Алисон окончила университет и стала преподавать, что она терпеть не могла, а Дэниел тем временем писал диссертацию на тему «Концепция служения у Мэлори». Работа была представлена к концу первого года их совместной жизни, они уже обсуждали женитьбу. Беременность все решила. В университете «Золотой Запад» нашлось место ассистента, и молодая семья перебралась в самый большой провинциальный город страны.
Сначала Алисон, Дэниел и крошка Эмили, казалось, двигались в одном направлении. Для него внове оказалась работа, для нее — ребенок и старый дом в новом городе. «Золотой Запад» вскоре предложил ему место преподавателя по староанглийской литературе на факультете искусств. У Дэниела появились кое-какие амбиции, и потому он проповедовал терпимость, хотя Алисон выводило из себя, как провинциальное университетское общество относится к женщине с ребенком. На этих своих пижонских вечеринках…

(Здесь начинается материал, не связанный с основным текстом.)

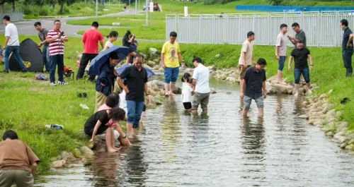 新店人遛小孩玩水去!新店新景點「親情人工溪流」免費開放,捷運出站步行就到「親子安全戲水區」必收。

«Дэниел, как славно! Заходите. Приятно повидаться. Вы пришли с Дженифер? Дженни?.. Алисон! Прошу прощения. Безнадежен с именами. Проходите, знакомьтесь. Господа, доктор Дэниел О'Холиген, восходящая звезда истории английской литературы в „Золотом Западе“, ведущая сила нашего нового курса, смею сказать, будущий ее руководитель! (Возгласы одобрения.) И его жена, м-м… Алиса. Одну минутку, Дэн. Это макраме, Алиса? Как интересно. Вы сами ведете хозяйство? Отлично, когда есть чем заняться дома. Простите, я должен забрать вашего блестящего мужа на одну минутку. Диана — на кухне, Дженни, почему бы вам не поделиться с ней рецептами?» Он даже погладил ее по голове.
Эмили росла, ходила в школу, Алисон иногда читала свои старые университетские книжки, просто для того, чтобы сохранить интерес, чтобы ее мозг не отказал окончательно. Потом подала документы в университет на заочный курс по праву. «Все равно не примут. Вряд ли сдам экзамены». Учиться ей нравилось. С нетерпением ожидала большую желтую бандероль с книгами, которую ей присылали раз в полмесяца. Закончила год с отличием. Подала документы на второй год на два курса. В следующем — на три. Годы летели как месяцы, как дни, до того теплого мартовского вечера, шесть лет назад…
Она, Дэниел и Эмили, гнали всю дорогу до университета и подъехали со стороны Главного зала как раз к восьми. Как глупо она чувствовала себя во взятой напрокат мантии и великоватой академической шапочке, но, по словам Дэниела, она выглядела потрясающе, и Эмили не сводила с матери благоговейного взгляда.